Many of the themes discussed so far—namely, the relationship between literature and sustainability—make its way into Stewart’s lessons at UW–Oshkosh. Boasting an impressive 4.7/5 on the popular website Rate My Professor, Stewart teaches courses ranging from Introduction to Environmental Studies to Utopian/Dystopian Literature at his Universities of Wisconsin campus. As much time as Stewart puts into his own research, he remains just as dedicated to teaching. In terms of style, Stewart prefers creating dialogue over delivering lectures, noting that he takes his students seriously as collaborators and co-creators of knowledge. “Put simply, my teaching begins with asking questions, rather than making statements,” he tells us. What I value most about teaching is that I learn as much from my students as they do from me.
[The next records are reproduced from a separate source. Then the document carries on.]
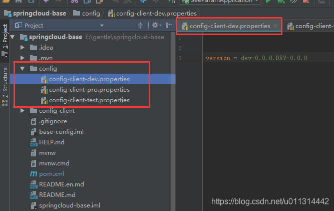 此时设置为读取 springcloud-base中的 配置文件 :config-client-dev.properties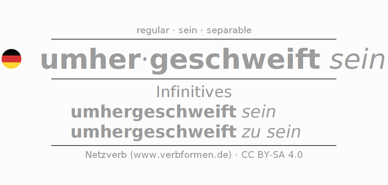 The conjugation of umherschweifen in Infinitive Present Perfect base form Statal Passive is umhergeschweift sein, umhergeschweift zu sein.The conjugation corresponds to certain grammatical rules. Likewise the requirements for the conjugation of the simple verb forms of umherschweifen in Infinitive. Comments ☆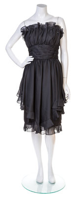 Victor Costa Black Strapless Cocktail Dress, 1980s Size label: 8

The classroom can be such a generative, inspiring space.”
Somehow, in between research and a hefty teaching load, Stewart continues to work on his own poetry. His collections Questions in Bed (2012) and Soft Power (2019) have been published by Goose Lane Editions, Canada’s oldest independent publisher, and his third manuscript, Speck, is nearing completion. Thematically, nothing is off limits in Stewart’s creative works—his poems are highly exploratory, and intentionally so. “I did a reading recently, and someone said to me afterwards that they loved how vividly my work communicates the process of me thinking,” Stewart recalls. “That was a really nice compliment because that’s often what I’m going for—a sense of the processual, a sense of experience as a procession of transient stimuli to which the poetic voice responds.”
Though he is back in Oshkosh for the spring semester, Stewart will continue to trek down to Madison each Monday for IRH seminars. This news was met with great enthusiasm from both IRH staff and fellows. No matter how disconnected the seminar topic is from Stewart’s own expertise, he never fails to offer an incredibly insightful, constructive question during Q&A periods. He has been exactly the sort of collegial, dedicated fellow that the IRH strives to host.